Ukrainian authorities claimed Tuesday that Arkady Babchenko, a Russian dissident journalist, had been assassinated outside of his apartment in Kiev.
It was thus a pleasant surprise to see Babchenko walk into a Ukrainian government press conference the following day and announce that he was still alive. His death had been faked by Ukraine’s SBU intelligence service for public consumption as a ploy to smoke out a real assassin or assassins who were said to be hunting the journalist.
This government-produced fake news is an extremely bad idea, even if its motivation is understandable. Even though the SBU’s smiling director says that Babchenko’s walking dead adventure was necessary to draw out Kremlin killers, this week’s chicanery has hurt both Babchenko’s credibility and that of Ukraine’s government.
The central guilty party here is Russian President Vladimir Putin, who has a record of liquidating inconvenient journalists and who is — no need to doubt — planning a similar end for Babchenko as he arranged for Anna Politkovskaya, Boris Nemtsov, and Maxim Borodin. There is no need either to doubt the Ukrainian government’s reasons to fear Russian intelligence services.
As we have noted, Ukrainian critics of the Russian president have a tendency to become victims of violent murders, and they understandably fray the confidence of the Ukrainian state and prompt an equally understandable desire to outplay Putin at his own spy-wars games.
But that does not excuse this week’s shenanigans, or Ukraine’s enlistment of Babchenko in them.
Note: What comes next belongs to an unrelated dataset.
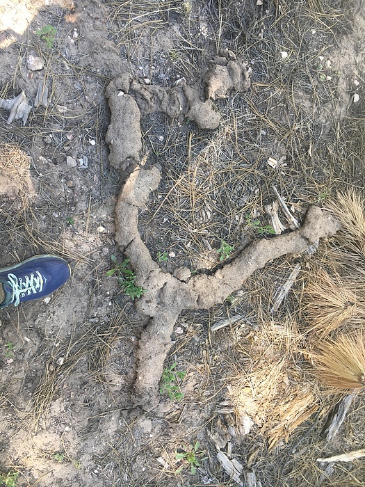 The only one I saw, whatever it is. Resembles filled animal tunnel exposed when surrounding dirt was eroded away, but this is fairly easily crumbled itself...

While SBU officers’ first responsibility is to the security of their state, Babchenko’s first responsibility as a civilian journalist is to the truth. By joining the SBU’s plot to deceive the public, Babchenko has harmed his own credibility. His reporting will be doubted as “fake news,” and denounced as such by the Kremlin. The Kremlin’s lies will continue, but now more people will believe it.
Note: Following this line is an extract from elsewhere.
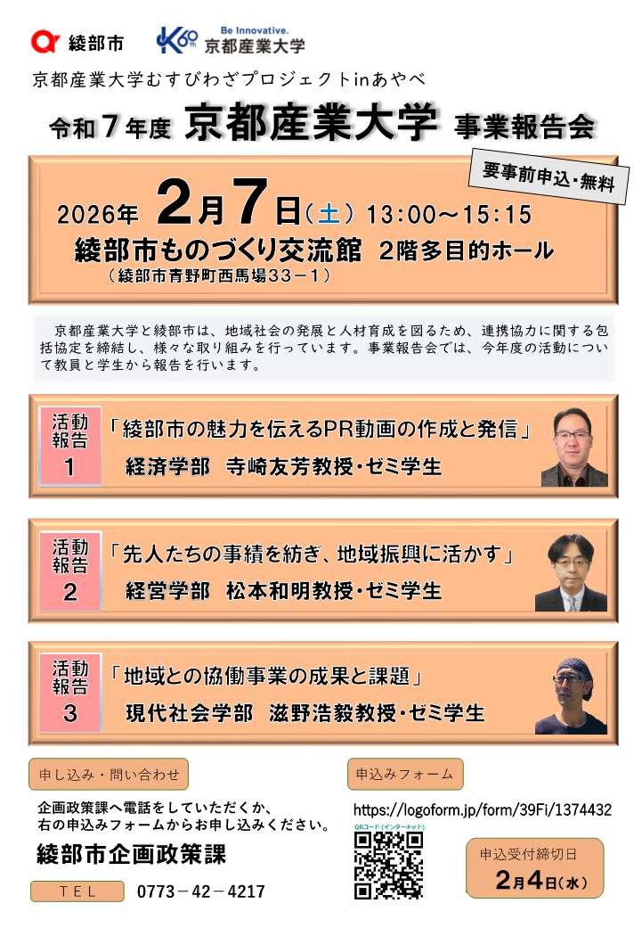 2025(令和7)年度「京都産業大学むすびわざプロジェクト in あやべ」事業報告会の開催について

The self-inflicted damage done by Ukraine’s government is huge. The SBU’s reputation has long been low, and this showmanship will push it lower. Its critical mission is to identify and disrupt Russian state aggression and organized crime, and there are better ways to protect Babchenko and trap those hunting him. The SBU’s antics are a pure example of what intelligence professionals call “blowback” — an intelligence operation which even in success backfires against those who carried it out.
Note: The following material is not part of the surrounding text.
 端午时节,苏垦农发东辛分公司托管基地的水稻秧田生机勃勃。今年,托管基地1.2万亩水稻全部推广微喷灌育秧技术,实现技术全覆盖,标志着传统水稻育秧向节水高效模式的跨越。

The costs of this choice won’t simply be felt in Ukraine. In neighboring states Russia, Moldova, and Hungary, free and independent reporting is increasingly subordinated to state propaganda. In the absence of good reporting, criminals, kleptocrats, and politicians find space to expand their own interests at the expense of the public. What the populations of these nations need is not more fake news, but more factual reporting.
It’s lamentable that in attempting to confront a determined enemy of those values, Ukraine just ended up burning them.